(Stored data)

[Start of section]

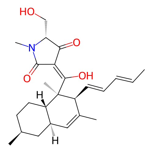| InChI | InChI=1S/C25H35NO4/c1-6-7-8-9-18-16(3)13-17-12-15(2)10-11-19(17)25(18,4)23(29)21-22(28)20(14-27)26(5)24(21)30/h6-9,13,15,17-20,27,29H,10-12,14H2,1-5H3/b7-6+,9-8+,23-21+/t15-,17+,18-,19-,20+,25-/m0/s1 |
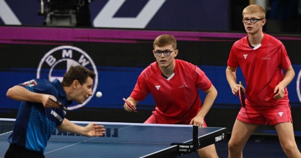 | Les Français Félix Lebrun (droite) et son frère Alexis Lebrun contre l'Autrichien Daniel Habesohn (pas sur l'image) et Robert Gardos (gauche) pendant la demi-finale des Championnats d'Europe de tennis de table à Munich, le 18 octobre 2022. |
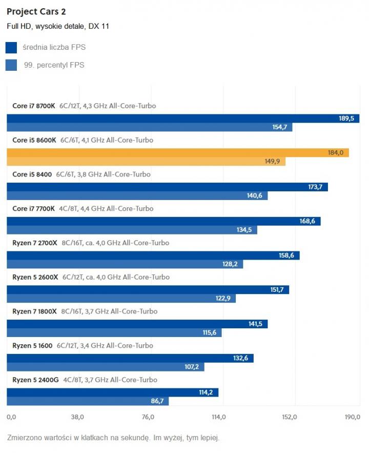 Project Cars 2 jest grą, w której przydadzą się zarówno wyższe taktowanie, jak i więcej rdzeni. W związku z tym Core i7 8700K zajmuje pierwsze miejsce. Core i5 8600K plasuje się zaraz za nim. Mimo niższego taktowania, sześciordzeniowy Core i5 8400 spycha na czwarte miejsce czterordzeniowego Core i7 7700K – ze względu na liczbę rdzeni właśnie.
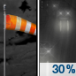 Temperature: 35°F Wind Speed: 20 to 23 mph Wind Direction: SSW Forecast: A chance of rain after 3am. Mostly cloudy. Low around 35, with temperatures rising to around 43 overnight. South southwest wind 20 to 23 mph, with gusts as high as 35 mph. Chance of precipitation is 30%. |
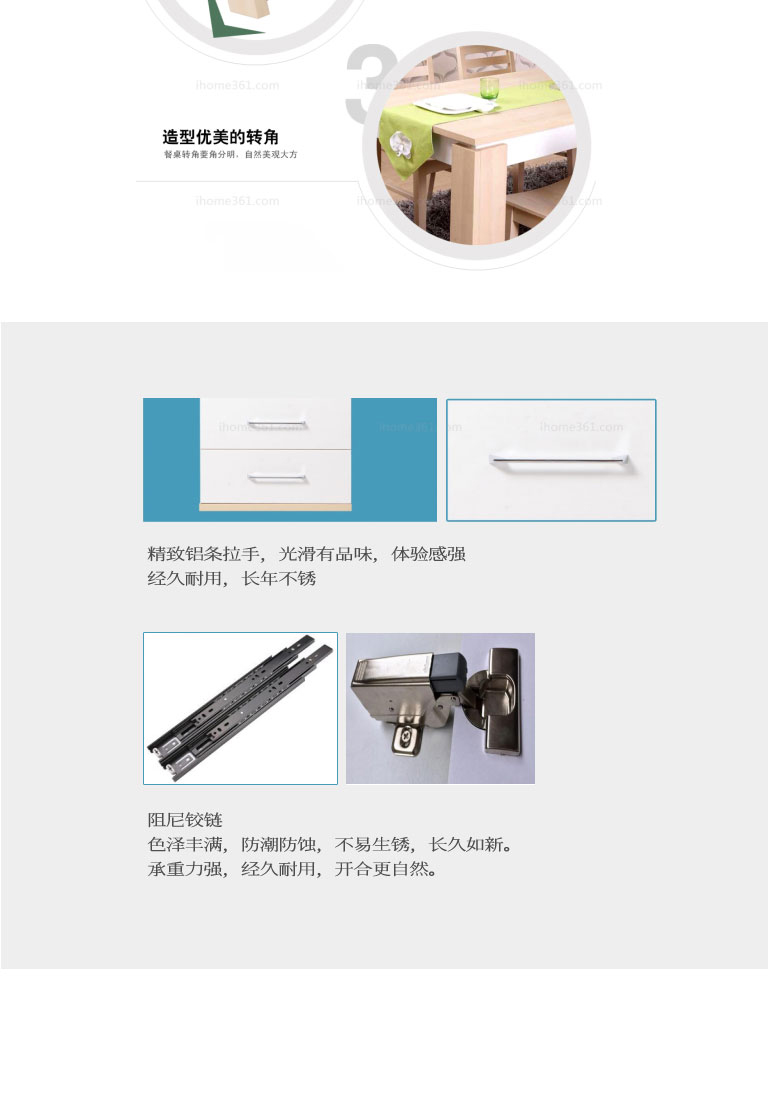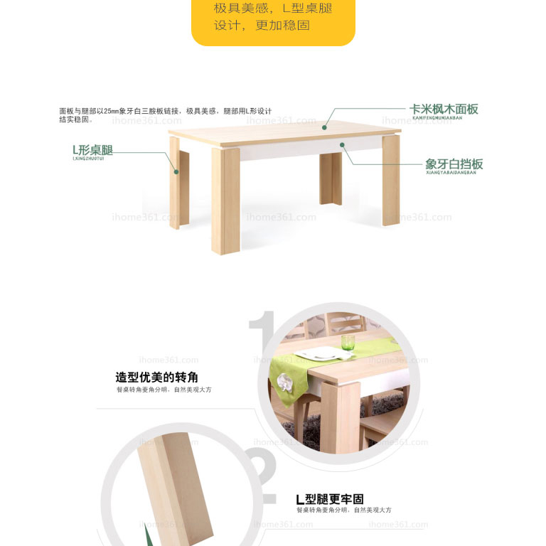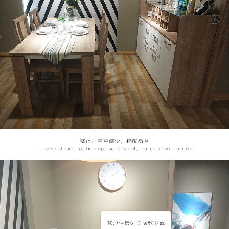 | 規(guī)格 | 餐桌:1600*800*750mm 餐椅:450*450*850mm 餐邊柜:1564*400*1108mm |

[End of section]

=== Task ===
Extract, verbatim and alone, the lines from the line that contains "octobre 2022. |" to the last line of the records, inclusive; drop any picture.

=== Response ===
 | Les Français Félix Lebrun (droite) et son frère Alexis Lebrun contre l'Autrichien Daniel Habesohn (pas sur l'image) et Robert Gardos (gauche) pendant la demi-finale des Championnats d'Europe de tennis de table à Munich, le 18 octobre 2022. |
 Project Cars 2 jest grą, w której przydadzą się zarówno wyższe taktowanie, jak i więcej rdzeni. W związku z tym Core i7 8700K zajmuje pierwsze miejsce. Core i5 8600K plasuje się zaraz za nim. Mimo niższego taktowania, sześciordzeniowy Core i5 8400 spycha na czwarte miejsce czterordzeniowego Core i7 7700K – ze względu na liczbę rdzeni właśnie.
 Temperature: 35°F Wind Speed: 20 to 23 mph Wind Direction: SSW Forecast: A chance of rain after 3am. Mostly cloudy. Low around 35, with temperatures rising to around 43 overnight. South southwest wind 20 to 23 mph, with gusts as high as 35 mph. Chance of precipitation is 30%. |
 | 規(guī)格 | 餐桌:1600*800*750mm 餐椅:450*450*850mm 餐邊柜:1564*400*1108mm |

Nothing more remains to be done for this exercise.